The interplay between positive and negative signals that underlies the Ikaros cell cycle-regulated phosphorylation events remains to be elucidated. It will be important to determine whether phosphatases function in concert with CKII and other kinases to provide for the changes in Ikaros phosphorylation detected during the cell cycle. Deregulation of such signaling events in primary lymphocytes may affect the phosphorylation state of Ikaros and its ability to control the cell cycle and thus be responsible for transition to a neoplastic state.

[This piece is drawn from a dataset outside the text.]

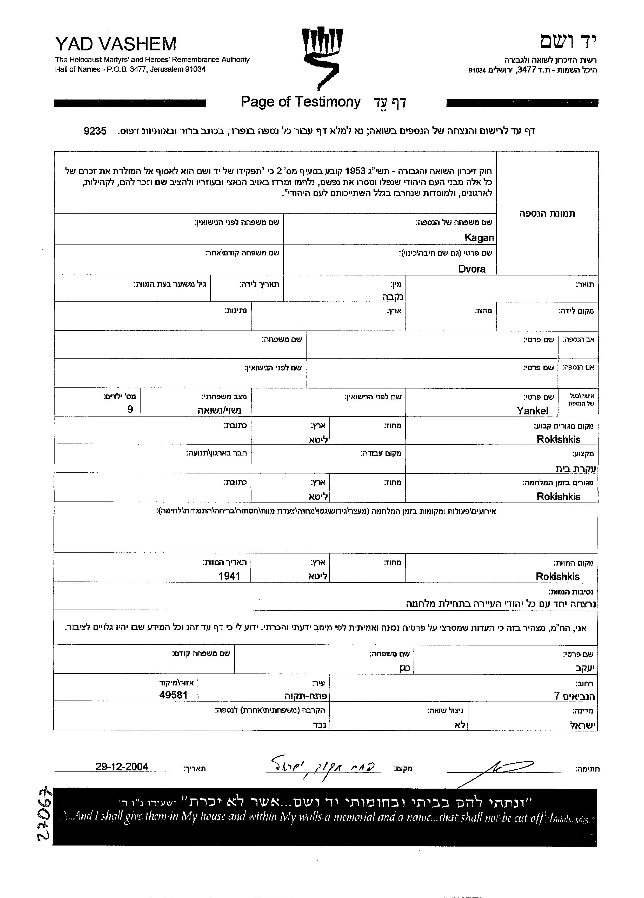 Dvora Kagan. Sie war mit Yankel Verheiratet. Vor dem Zweiten Weltkrieg lebte sie in Rokishkis, Litauen. Während des Krieges war sie in Rokishkis, Litauen.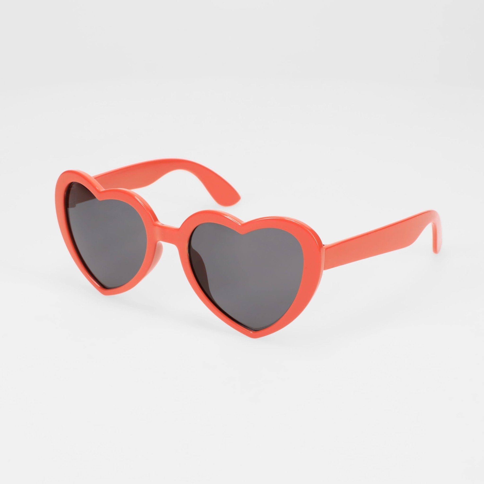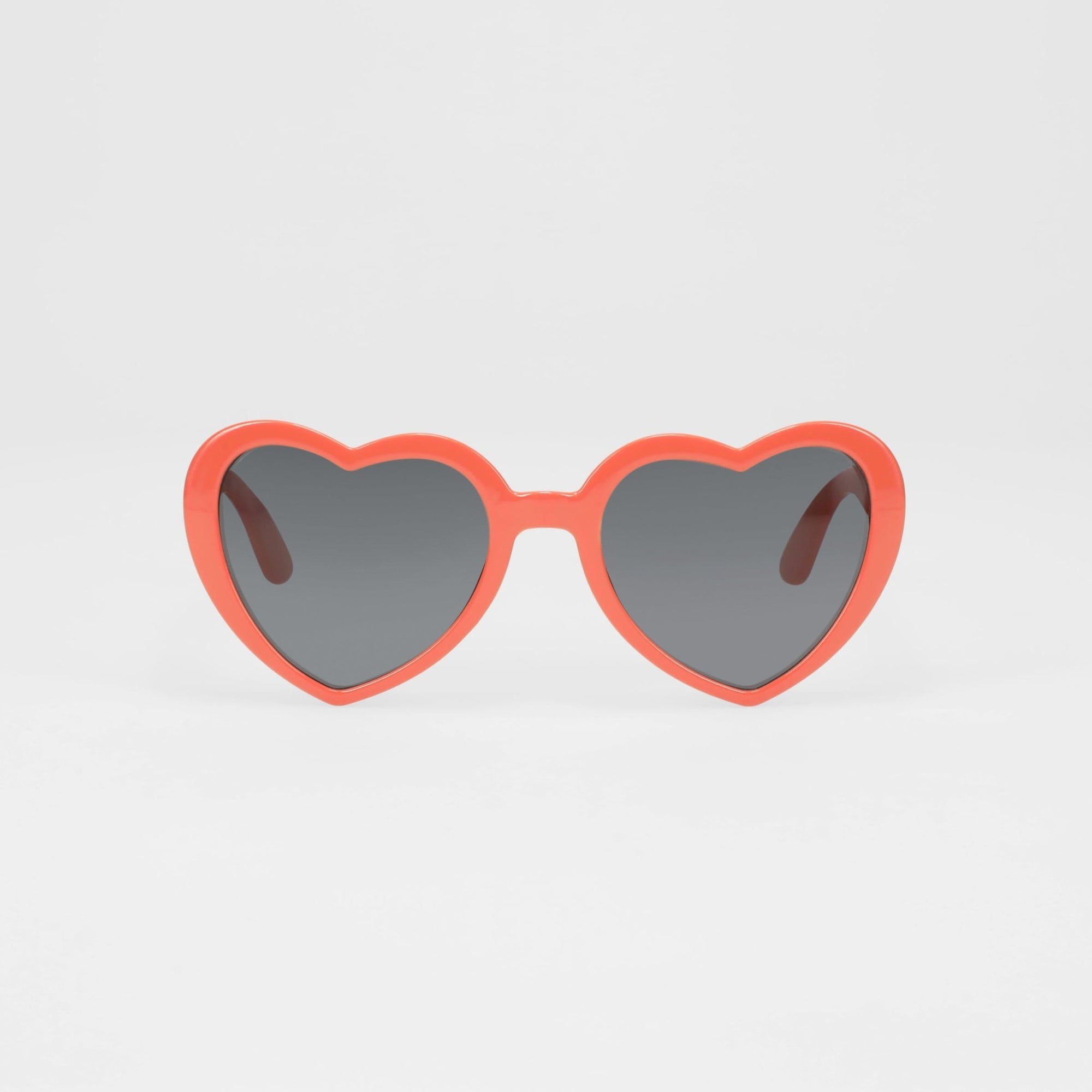 Sunglasses with heart shape frosted finish frames with tinted lenses in plastic.

Finally, there are interesting parallels between Ikaros and previously described cell cycle regulators. One of the best-studied tumor suppressors is the nuclear factor Rb, which is involved in the regulation of the G1
-S transition. Rb is inactivated during G1
by concerted phosphorylation events initiated by different cyclin-cdk complexes, which induce a progressive conformational change in this negative regulator (12
). Ikaros also negatively regulates the G1
-S transition, and phosphorylation relieves its ability to do so. However, Ikaros phosphorylation appears to occur later than that of Rb during the G1
-S transition. In addition, Rb phosphorylation affects its interactions with other proteins, whereas Ikaros phosphorylation reduces its ability to bind DNA. It is possible, however, that Ikaros phosphorylation may also affect its interactions with other proteins.